People Who Need People

Seattle Opera's Don Pasquale is missing the humor of humanity.

COMIC OPERA IS funny because people are funny, so the more puppetlike a production’s characters are, the less funny it is. That’s my theory, at least, but opera directors who disagree can find safe haven at Seattle Opera, where Stephen Terrell has taken commedia dell’arte as a model for the current production of Donizetti’s Don Pasquale (running through Saturday, Jan. 25 at the Mercer Arts Arena).

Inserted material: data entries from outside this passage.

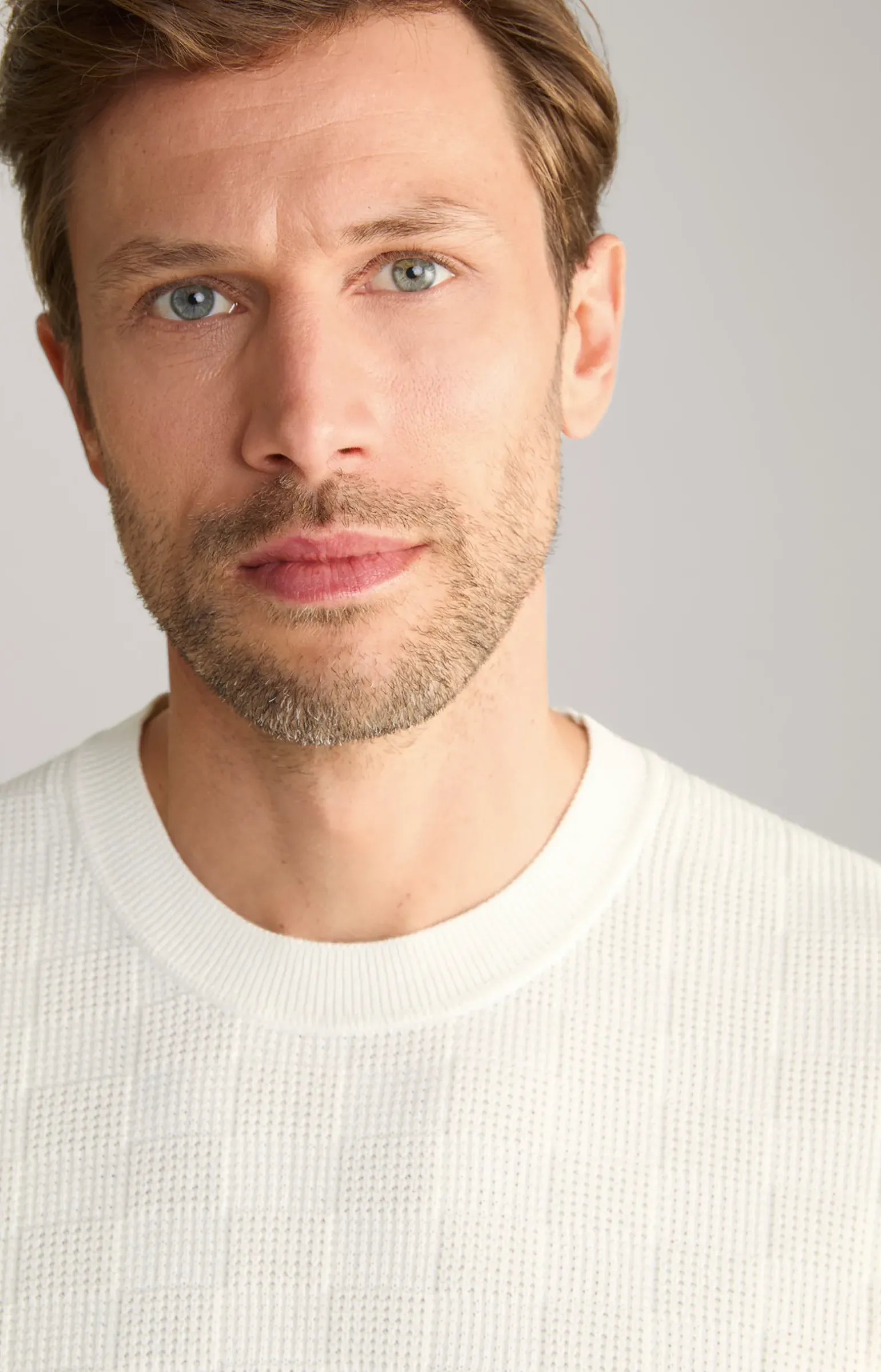 - klassischer Rundhalsausschnitt mit Rippblende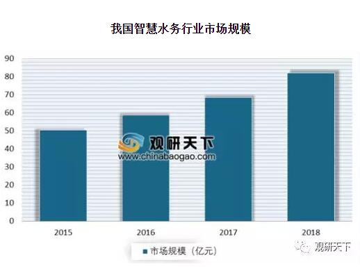 據數據顯示,2017年中國智慧水務市場規模增長至約68.59億元,同比增長17%。2018年中國智慧水務行業市場規模達82億元左右。隨著物聯網、大數據、云計算及移動互聯網等新技術不斷融入傳統行業的各個環節,工業純水設備新興技術和智能工業的不斷融合,智慧水務行業發展具有明顯的前景。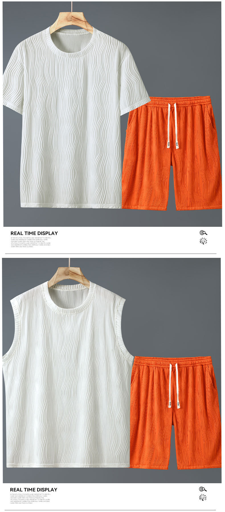 黒のTシャツと黒のショートパンツスーツ,白いTシャツと白いショートパンツスーツ,白いTシャツとオレンジのショートパンツスーツ,黒のベスト黒のショートパンツスーツ,白いベストと白いショーツスーツ,白いベストとオレンジ色のショートパンツスーツ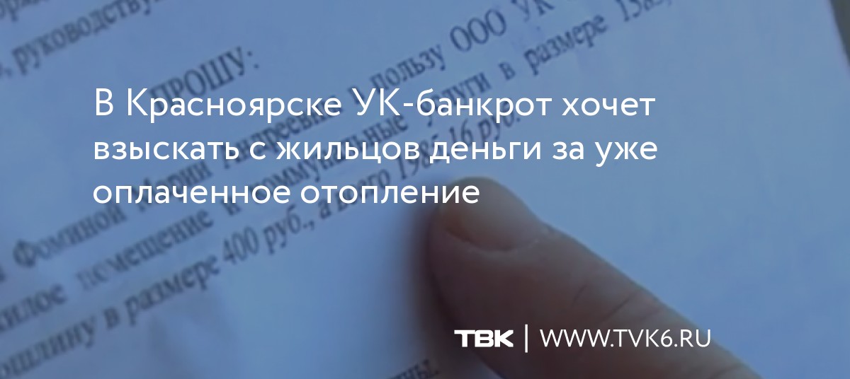 В Красноярске УК-банкрот хочет взыскать с жильцов деньги за уже оплаченное отопление
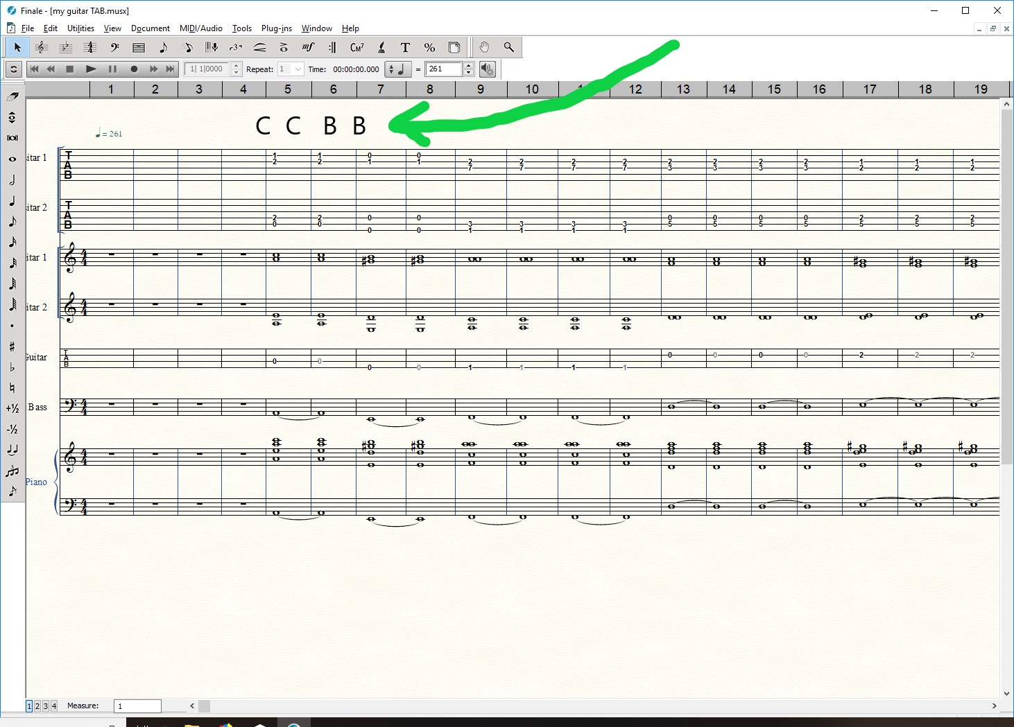 hi, I am looking for an instrument that can show note letters? The Tab is working well for me. However, I am also looking for a Finale staff instrument that will read as letters. Does it exist? Preferably, I'd like a staff that printed this, taken from the first bar below, first two staffs.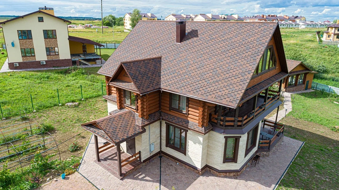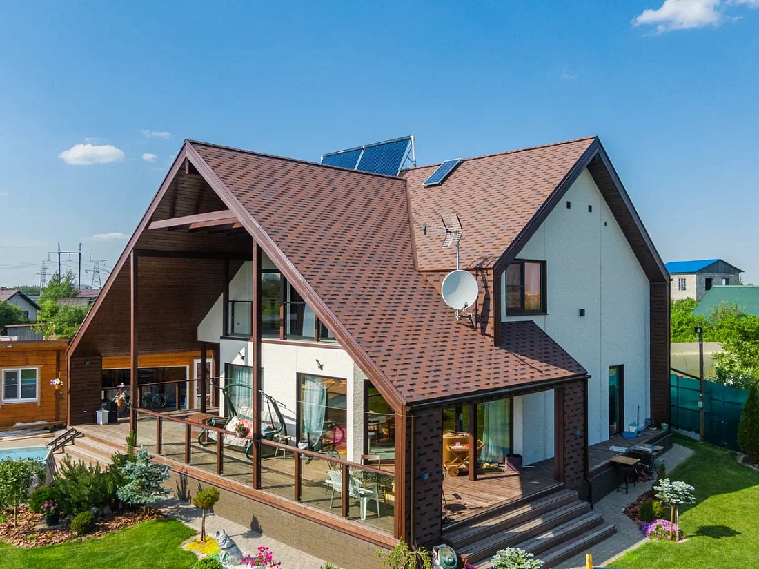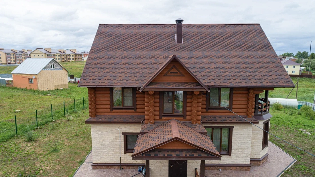Гибкая черепица Шинглас Фокстрот Кедр применяется в качестве кровельного материала для скатной крыши любой формы и конфигурации. А форма нарезки Аккорд позволяет создать видимое впечатление натуральной деревянной черепицы.

Fair enough, Pasquale‘s four main characters—Ernesto, Norina, Pasquale, and Malatesta—clearly echo the stock types of commedia dell’arte: two young lovers, the pompous Pantalone, the wily Dottore. But if you want to talk stage history, consider the reason comic opera flourished in the first place: as a counterweight to opera seria, all about gods, heroes, and noblemen. Opera buffa presented the middle class and their servants in domestic settings—much like the audience, who came to enjoy society’s follies whenever they weren’t in the mood for elevated passions. And in Terrell’s production, commedia influence means mechanical hyperactivity—little gestures, mugs, and twitches that never come from or add up to a character, just bits of shtick, glued like sequins onto a paper doll.

Terrell’s is a one-size-fits-all concept, applied even to one of comic opera’s most multifaceted characters. Pasquale‘s lead soprano part is really three roles in one: Norina, Ernesto’s secret lover, poses as “Sofronia,” fresh from the convent and presented to Ernesto’s uncle Pasquale as the perfect marriage candidate. But once they’re wed, she turns into a spendthrift harpy; Pasquale, to be rid of her, consents to Ernesto’s marriage to Norina. The plot is revealed. Laughter, reconciliation, curtain. Yet as Norina, the shy Sofronia, or the shrewish Sofronia, Harolyn Blackwell was busy and stylized in always the same way, with hips, shoulders, and arms ever on the go.

She sang, though, with grace and precision; right from her demanding entrance aria, she led the cast in Italianate ease and flexibility. As Ernesto, Jeffrey Francis offered some very pretty soft notes but tended to stiffen up anywhere above a mezzo-piano. He relaxed by his Act III serenade—less effortful, if still somewhat mannered. In the title role, Eduardo Chama generally seemed unfocused, with pitch, rhythm, and projection often not quite there.

David Centers’ sets were handsome, especially Pasquale’s salon, all in rich browns that looked carved out of chocolate. But in this inviting setting, all we got were caricatures to laugh at rather than human beings to laugh with.